I think you hit the nail on the head with your custom chain.
Basically I want to redirect everyone who is NOT in the Business, Normal or Server list. So that means Small_users. But I guess my dst-nat rule was just too simple.
Funny but my queue tree works fine with the exact same address list. Business, Normal, Server and Small users get their respective queues with their own bandwidths and priorities. That works just fine. But the dst-nat doesn’t… hmmm?
I’ll implement your custom chain but just by looking at it I suspect it will work just the way I want it. Thank you!

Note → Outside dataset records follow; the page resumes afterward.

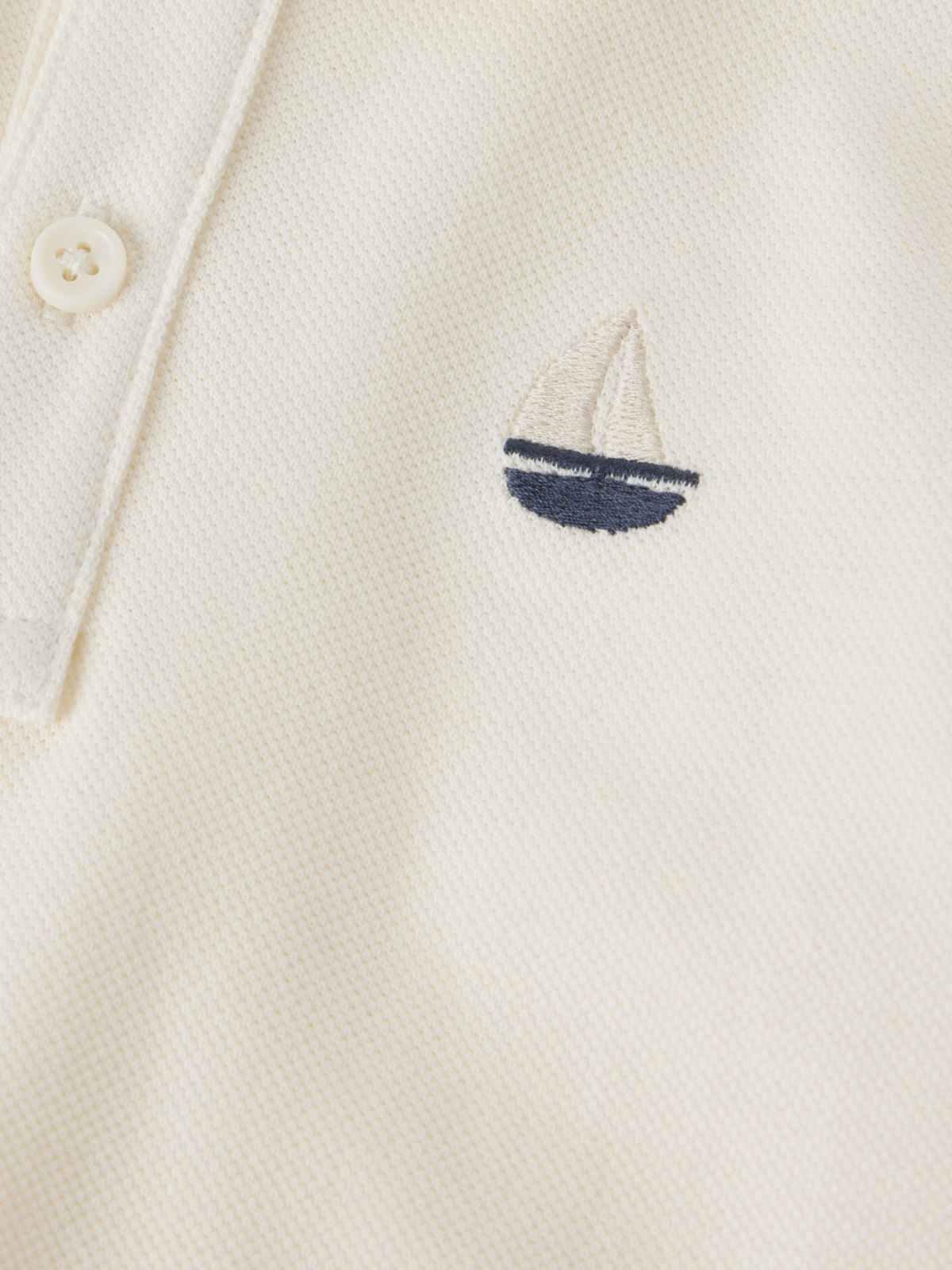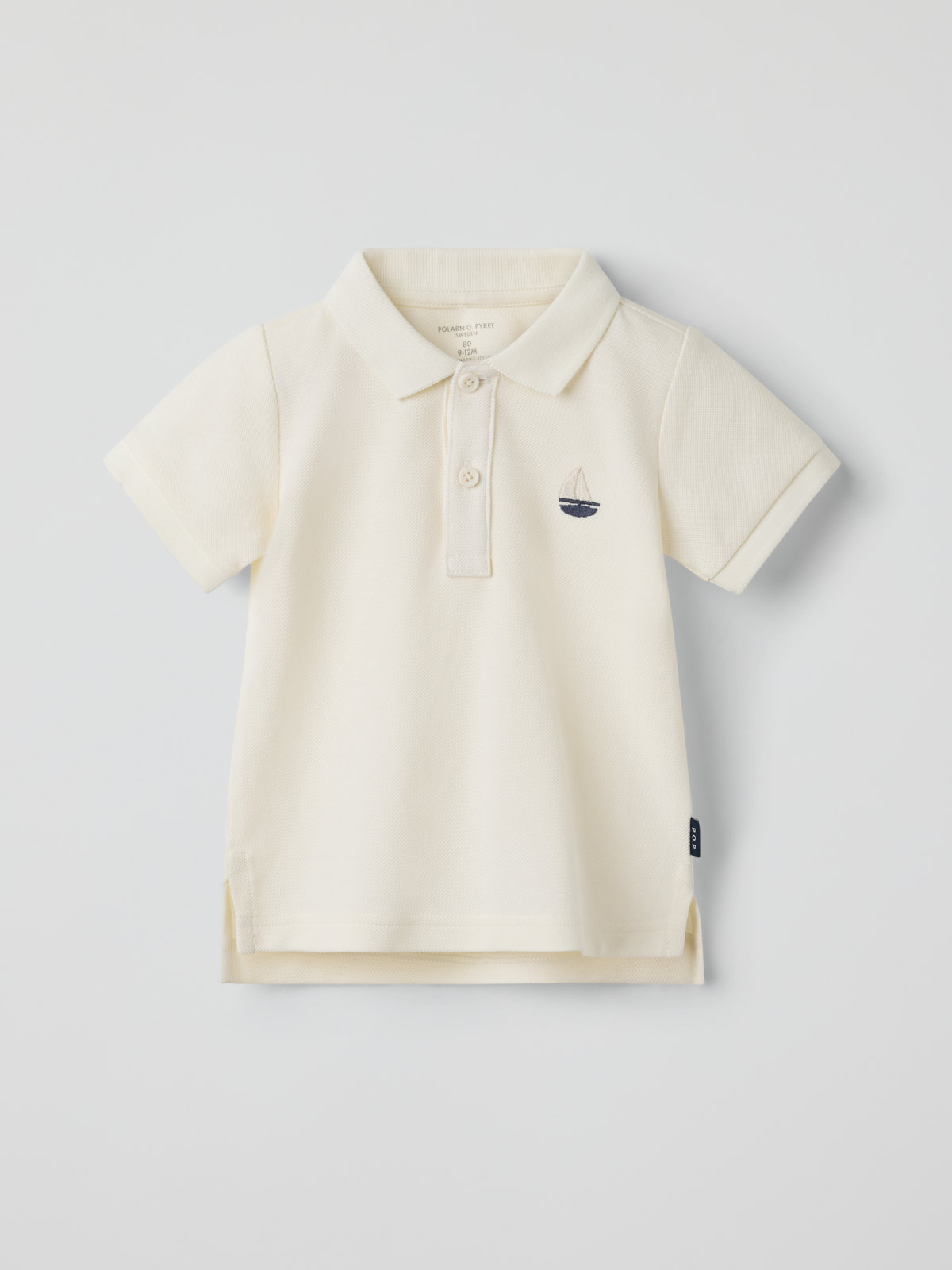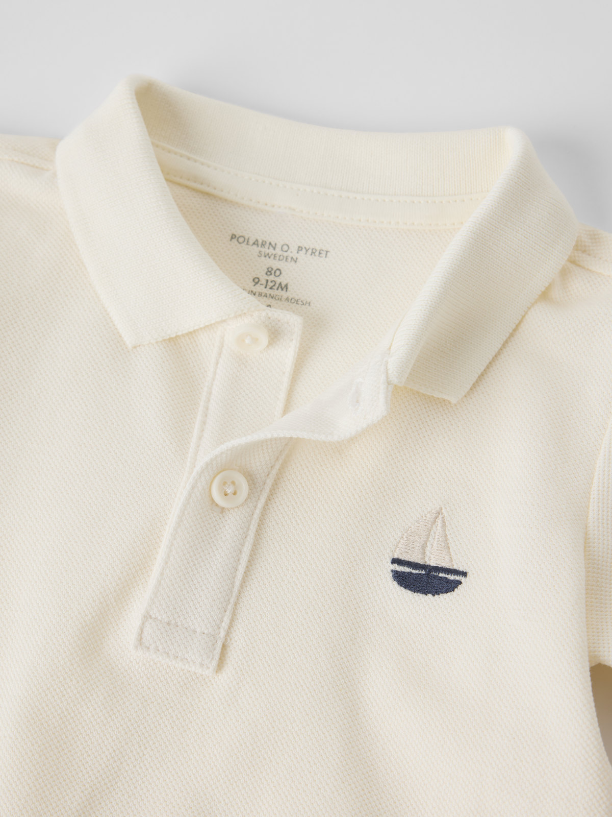 Kortärmad pikétröja i 100 % ekologisk bomull med krage och knappslå för baby – ett fint plagg för alla tillfällen! Tröjan har en liten segelbåt broderad på bröstet och ribbad mudd i ärmslut för skön passform.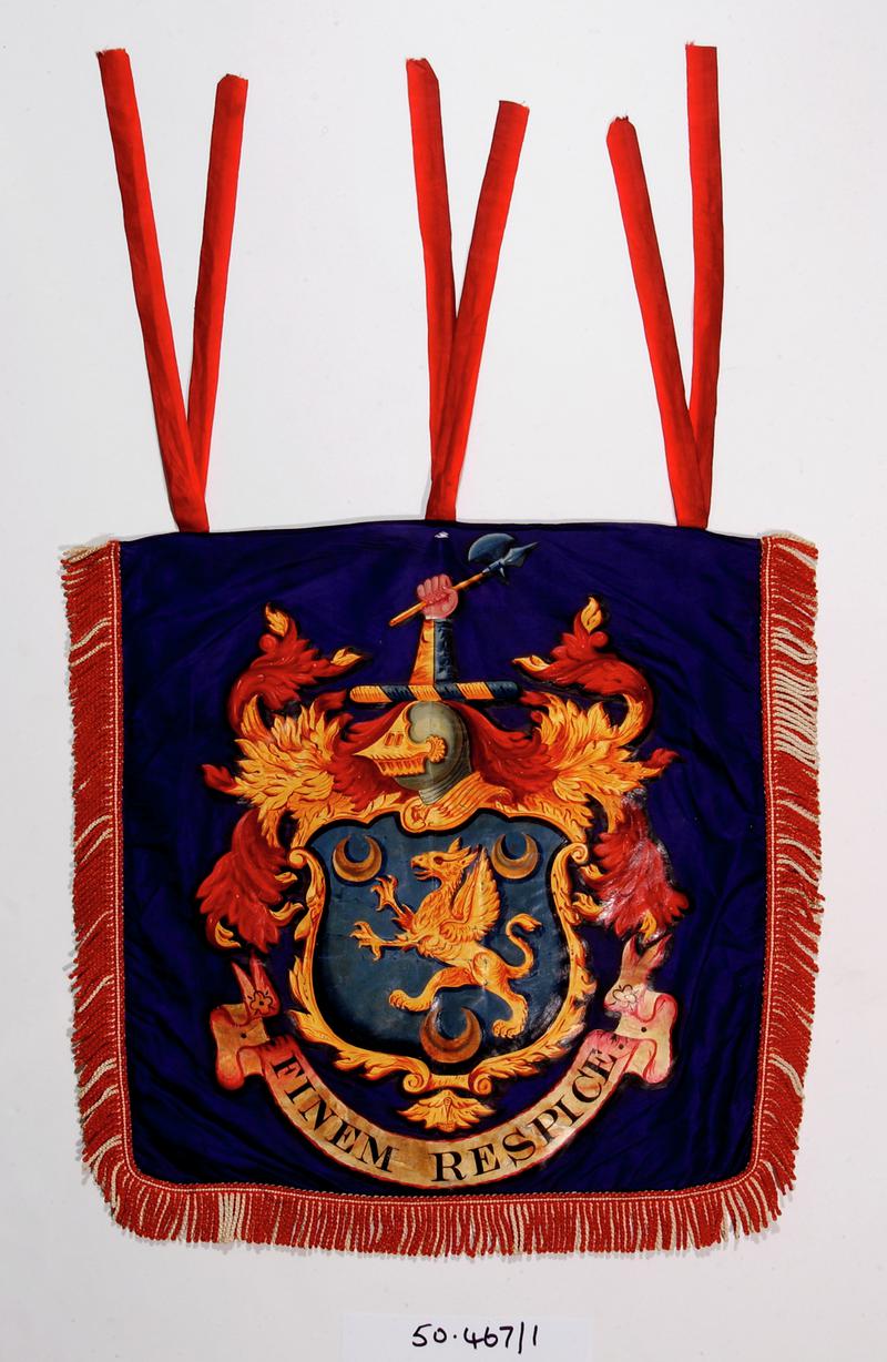 Wooden cabinet. Bottom half comprising two drawers and cupboard, with bookcase with two glass doors on top. Bolt type lock on the front of the glass doors. Bookcase and bottom section separate. Small metal plaque on the top of the cupboard.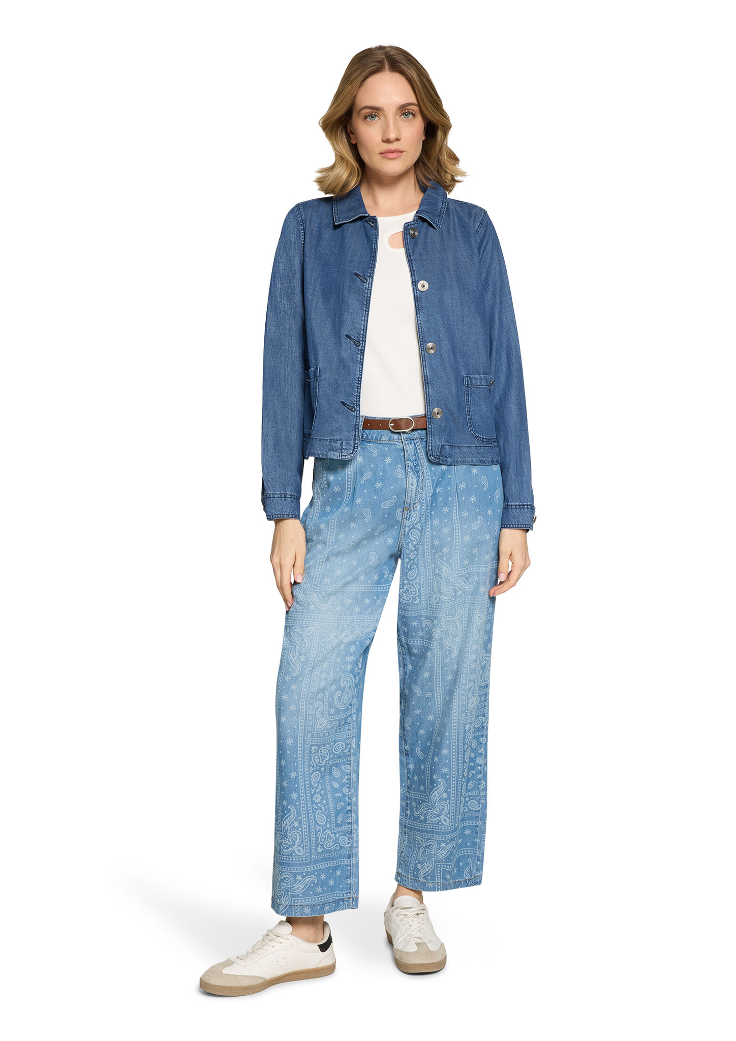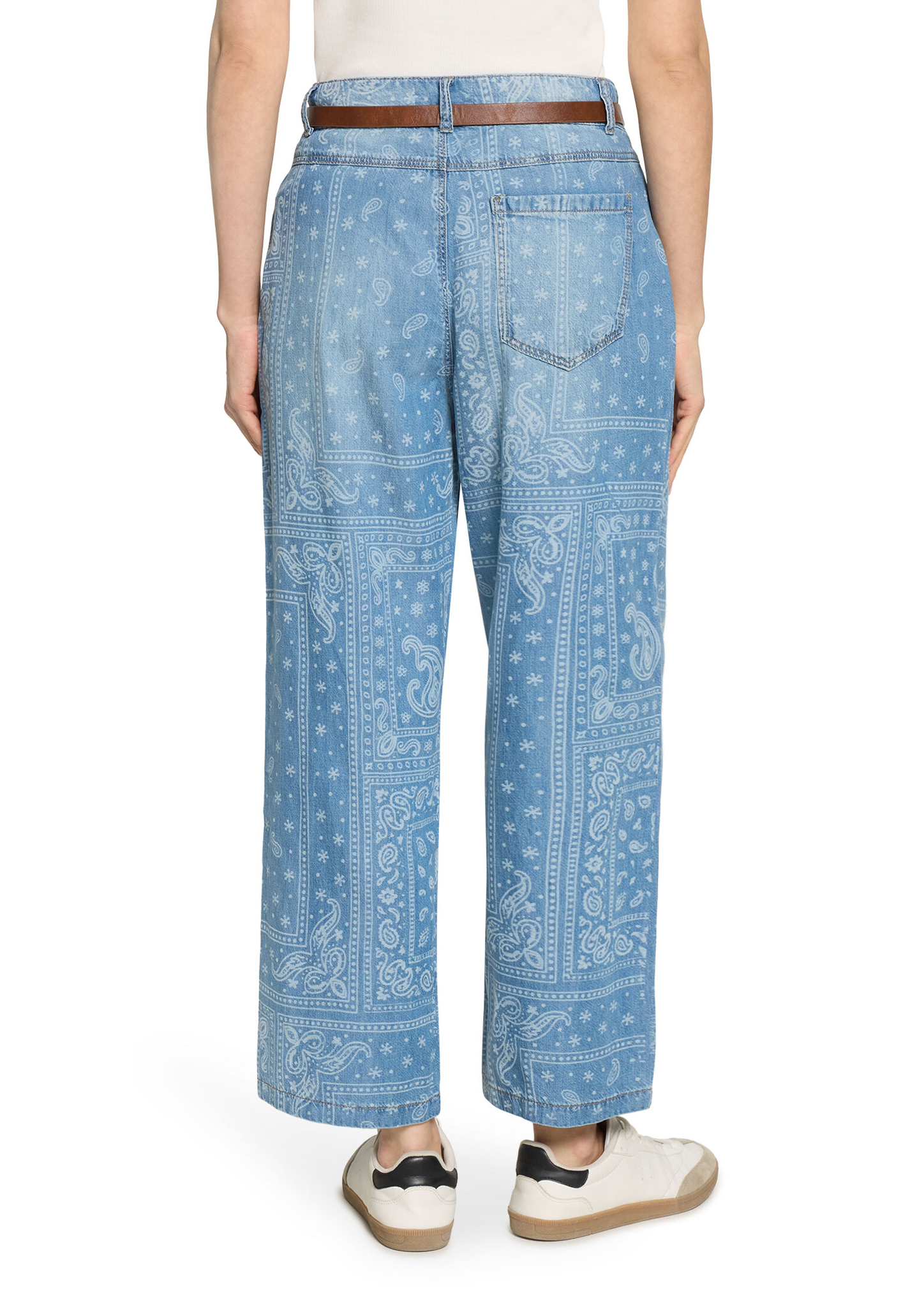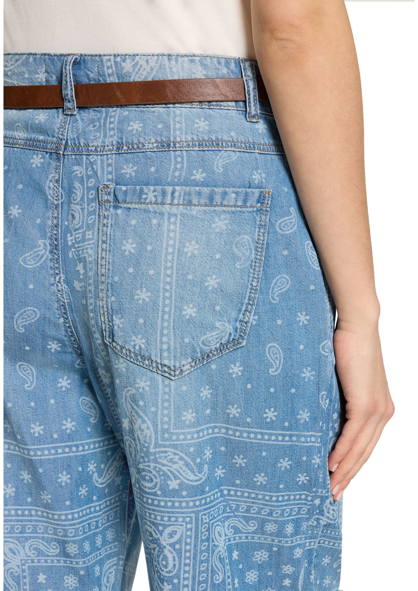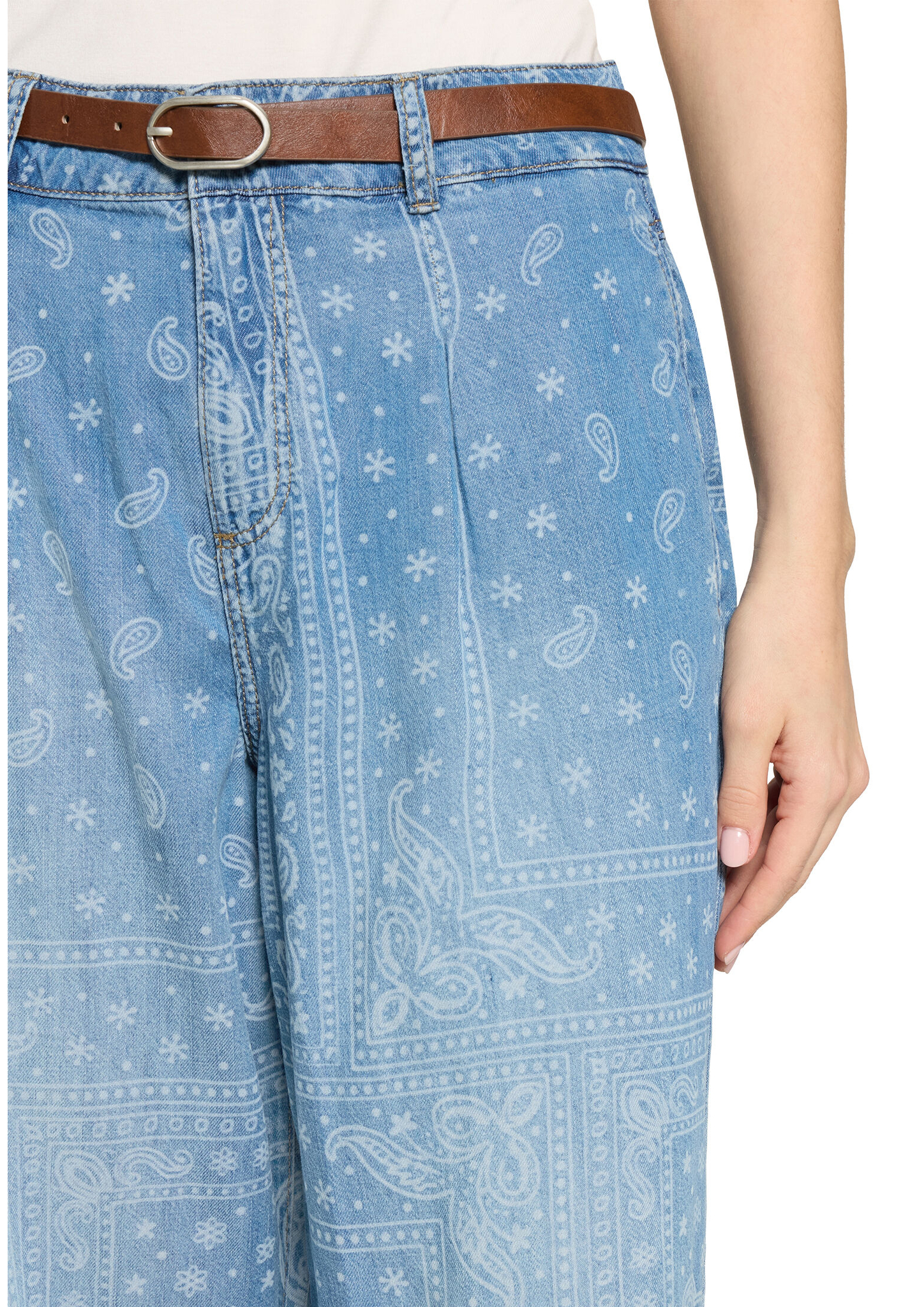 * Passform: Loose Fit * Schrittlänge: 68 cm * Fussweite: 50 cm * Leibhöhe: High Waist * Tasche: Eingrifftaschen * Verschluss: Reißverschluss, Knopf * Muster: Paisley * Gürtel: 100% Polyurethan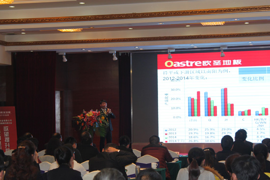 大會(huì)上銷(xiāo)售部總經(jīng)理岳成明指出,2015年是歐圣地板厚積薄發(fā)的一年,我們不僅要充分利用在實(shí)踐中積累總結(jié)的經(jīng)驗(yàn)資源,加快公司企業(yè)文化發(fā)展腳步,不僅是提高銷(xiāo)量,更是要打響高端品牌形象。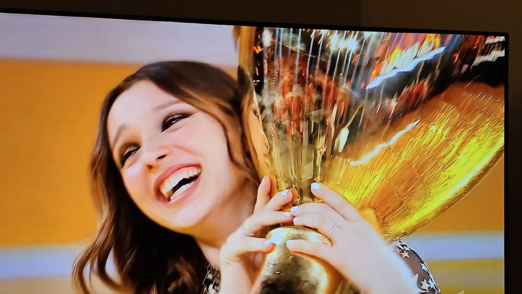 "Sto ancora realizzando cosa sia successo: essere entrata qua senza saper niente e adesso sto ripercorrendo tutto quello che ho fatto. È una cosa incredibile. Dedico questo premio alla mia famiglia che mi ha sempre sostenuto, da quando cantavo in cameretta".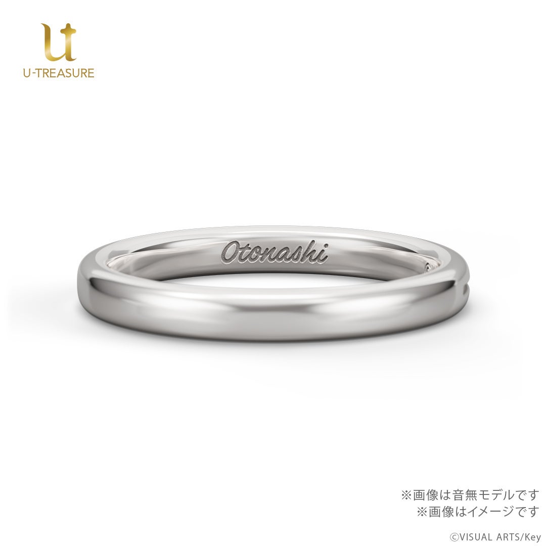 このたびの新作は、「Angel Beats!」のロゴを表面に、内側にキャラクターの名前を刻印したリング(指輪)です。永くご愛用いただけるよう着け心地にまでこだわり仕上げました。
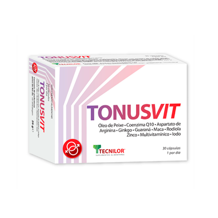 O TonusVit Tecnilor é um suplemento alimentar com Óleo de Peixe, Vitamina E, C, Coenzima Q10, Aspartato de Arginina, Ginkgo, Guaraná, Maca e Rodiola. É complementado ainda com Zinco, Vitamina B6, A, B9, D3, B12 e Iodo.
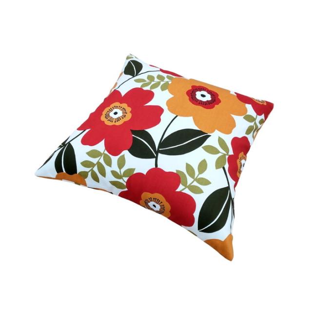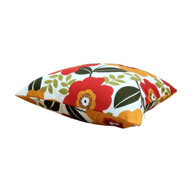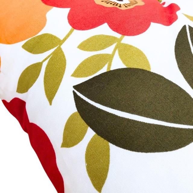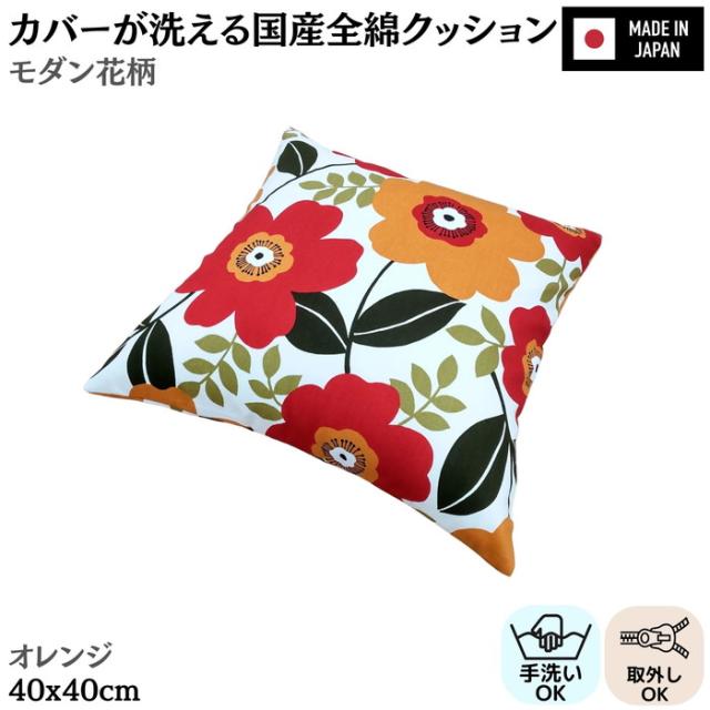 カバーが洗える国産全綿クッション モダン花柄 オレンジ 綿100% 日本製 国産わた入れ加工 ファスナー付き

Order matters. In simple queues there’s only one action (rate limit) so if you have more specific entries that match at the top of the list anyone that falls through to the bottom is caught by a very generic entry (such as an address list containing just 10/8) those entries will be caught by that list. Additionally, there’s just one list - the list of queues.
You can’t apply that to a situation where there’s many lists (many chains) and many actions, and particularly not if you put the extremely broad filter (10/8) right at the top instead of putting it at the bottom.